“A Span, A Cry, An Ecstasy"
Posted by Edward Moran on Apr 12th 2020
If the Brooklyn Bridge were nothing more than an engineering marvel, that would have been enough to insure its place in the pantheon of great American civic enterprises. It was more than the sum of its cables and granite, though, for it became a potent symbol of American entrepreneurial spirit, idealized by poet and preacher alike. Like Upjohn’s Trinity Church at the foot of Wall Street, the Brooklyn Bridge had been executed in soaring Gothic motifs, but to more secular ends in what was then the Gilded Age. As the spires of Trinity soared heavenward, the Bridge’s arches offered Brooklynites greater opportunities to lay up treasures on earth; they were now given easier access to the stock exchanges and counting houses of Manhattan without having to navigate the East River by ferry, an especially daunting ordeal during the winters of the so-called “Little Ice Age” of the late 1800s.

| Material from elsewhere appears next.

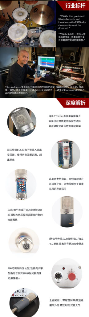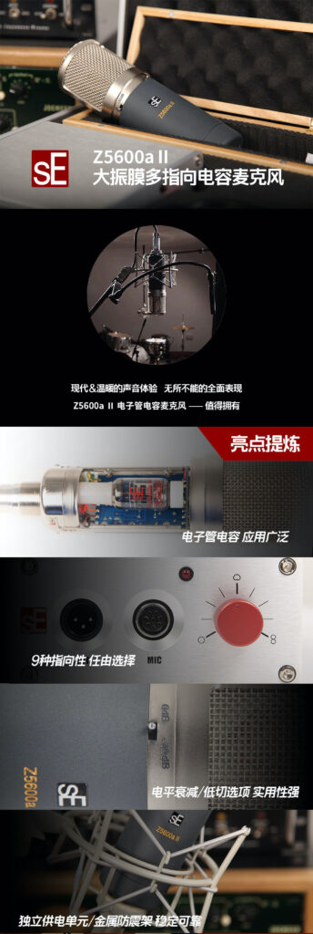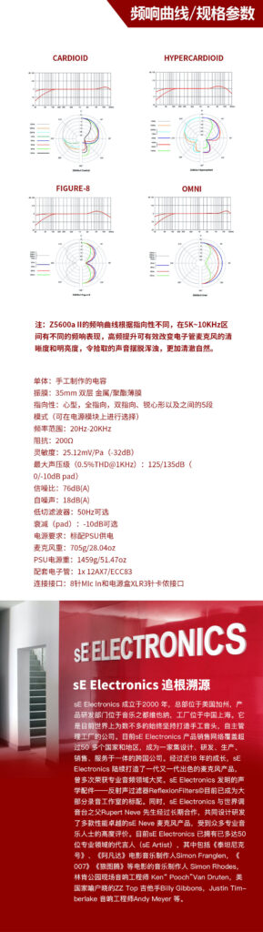 - 指向性:心型,全指向,双指向以及以上模式之间的6段模式(可在电源模块上进行选择)

Some forty years after Washington Roebling set down his telescope and vacated 110 Columbia Heights, a twentysomething poet rented a flat in the building -- John Dos Passos was also a resident there at the time -- and spent countless hours gazing at the bridge through his own poetic lens. His name was Hart Crane, the son of an Ohio candy maker who had recently patented ring-shaped peppermint lozenges later marketed as Life Savers. Ironic, because Crane would die several years later in a suicidal plunge from a steamer in the Gulf of Mexico. But not before imbibing the spirit of the Brooklyn Bridge from Roebling’s old perch, all while enjoying furtive trysts with sailors he often picked up in its shadows. Crane saw the bridge not only as a fertile cruising spot, but as liturgical vessels for his soul’s half-mystical, half-carnal communion with the sublime. As he writes, rhapsodically, with echoes of William Blake and Walt Whitman:
O harp and altar, of the fiery fused,
(How could mere toil align thy choiring strings!)
Terrific threshold of the prophet’s pledge,
Prayer of pariah, and the lover’s cry.
Crane was not the only poet to have been mesmerized by the Brooklyn Bridge. Marianne Moore, famously photographed under the Bridge’s arches by Richard Avedon in the 1960s, called it a “climactic ornament, a double rainbow” in her poem “Granite and Steel.” Moore’s protegée, Elizabeth Bishop, writing more whimsically, invited Moore to “please come flying” from Brooklyn over the Brooklyn Bridge “in the white mackerel sky” while “bearing a musical inaudible abacus/a slight censorious frown, and blue ribbons.”. Jack Kerouac added a 1950s Beat-and-Buddha sensibility to the mix with “The Brooklyn Bridge Blues as found in the Book of Dharmas”, written in hallucinatory cadences: "...John A Roebling/and Washington Roebling/built it, and it hath cables/and it does one good/to cross it everyday--/See my eerie wiseness?” Other writers of a more postmodern temperament have seen more dystopia than utopia in the bridge, but they are seldom read.
But it is perhaps Thomas Wolfe of “Only the Dead Know Brooklyn” fame who has captured the Bridge in all its incandescence (incidentally, the Bridge was one of the first public works to be strung with Edison’s new electric lights). Wolfe’s breathless paean is immortalized in a bronze plaque on a house he once occupied on nearby Montague Terrace: “Great God! the only bridge, the bridge of power, life and joy, the bridge that was a span, a cry, an ecstasy ... that was America.”[1]
[1] Goldstein, Norm. “Literary Brooklyn Heights,” August 15, 2012. Accessed May 22, 2016.